Bu kararların olumsuz etkilerini neyi başaramadığımızı anlatacağım gelecek yazılarımda olacak. Ancak bu reformları rahmetli Özal çok hızlı bir şekilde hayata geçirdi. Bu da, 1990 yılında sonlanan Soğuk Savaş sonrasındaki dünyaya daha hızlı entegre olmamızı sağladı. Reformların zamanlaması ve sıralaması farklı olabilirdi. Bunu da yine gelecek yazılarımda anlatacağım.
Özal Dönemi’nin en önemli gelişmeleri arasında haberleşme, yani bugünkü tabirle telekomünikasyon, altyapısının kuvvetlendirilmesi olmuştur. Şehirlerarası telefon şebekeleri tamamlanmıştır. Bu dönemin öne çıkan sektörleri bankacılık ve finans, turizm ve medya sektörleridir. Bu dönemde hızlı liberalleşmenin getirdiklerinin yanında, iki büyük krizi de tecrübe ettik: 1994 ve 2001 Krizleri.
2003-2023 ARASI ERDOĞAN DÖNEMİ
2001 Krizi sonrası uygulanan iktisadi istikrar programı ne kadar ekonomik yapımızı dönüştürmüşse bu dönemde iktidara gelen AK Parti hükümetleri de siyasi yapımızı değiştirmiştir.

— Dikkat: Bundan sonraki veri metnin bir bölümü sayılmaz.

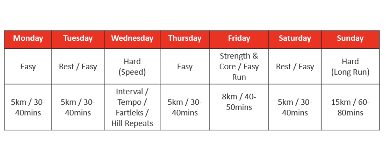 This is a suggested weekly training plan for anyone who has been running regularly. But, feel free to tailor it according to your effort and goal. If you have a big race coming up just after 2 weeks or less after the end of Ramadan, I suggest you keep the speedwork and long run in the plan.

Bu dönemin öne çıkan figürü ise mevcut Cumhurbaşkanımız Recep Tayyip Erdoğan’dır: Nâm-ı Diğer Reis!
Elbette içinde yaşadığımız sürecin birçok iktisadi problem içerdiği açıktır. Ama bu yazının amacı Cumhuriyetin yüz yılında neleri başardığımızdır. Sayın Cumhurbaşkanı’nın döneminde de, yine her zaman olduğu gibi, mecburiyetler öncelikleri, öncelikler de politikaları belirlemiştir. 2001 Krizinin enkazından çıkarken Türkiye’nin kırılgan bir mali sermayesi, askeriye harcamalarda, yatırım mallarında ve enerji hammaddesinde dışa bağımlık, şehirlerin alt yapısında eksiklikler ve ileri ulaşım imkânlarında yetersizlikler bulunmaktaydı. Tayyip Beyin başbakanlığı döneminde başarılan en önemli işler Türkiye’nin 1970’lerden 2001 yılına kadar yaşadığı 30 yılı geçen yüksek enflasyonun dizginlenmesi, 2018 yılına kadar bir finansal istikrar yakalanması olduğu söylenebilir. Ne var ki, 2018’den bu yana bu kazanımlar ciddi sekteye uğramıştır. Bununla birlikte Tayyip Beyin yönetiminde AK Parti Hükümetleri Türkiye’nin ulaştırma imkânlarını otoyollar, hızlı trenler ve her tarafa ulaşan havayolları ağıyla çok ileriye götürmüştür. Yine şehircilik alt yapısında çok önemli katkılar sunmuş, hemen hemen bütün şehirlerimizde raylı sistem hayata geçirilmiştir. Demirel’in Boğaziçi Köprüsü, Özal’ın Fatih Sultan Mehmet Köprüsü’nün yanına Yavuz Sultan Selim Köprüsü, İstanbul’u Bursa ve İzmir’e bağlayan Osman Gazi Köprüsü ve Çanakkale Köprüsü bu dönemde yapılmıştır. Büyükşehirlerimizi daha hızlı birbirine bağlayan otoyollar da inşa edilmiştir. Bu dönemin en önemli başarılarından biri de temelini rahmetli Başbakanımız Ecevit’in attığı Türk ordusunun teçhizatının millileştirilmesi projesidir. Özellikle donanmamız tamamen yerli üretim gemilerle donanmış, ordumuz temel muharebe silâhlarından obüslere yerli silahlarla güçlendirilmiştir. Son dönemde imal edilen yüksek teknolojili İHA ve SİHA’larımız ordumuzun gücüne güç katmıştır.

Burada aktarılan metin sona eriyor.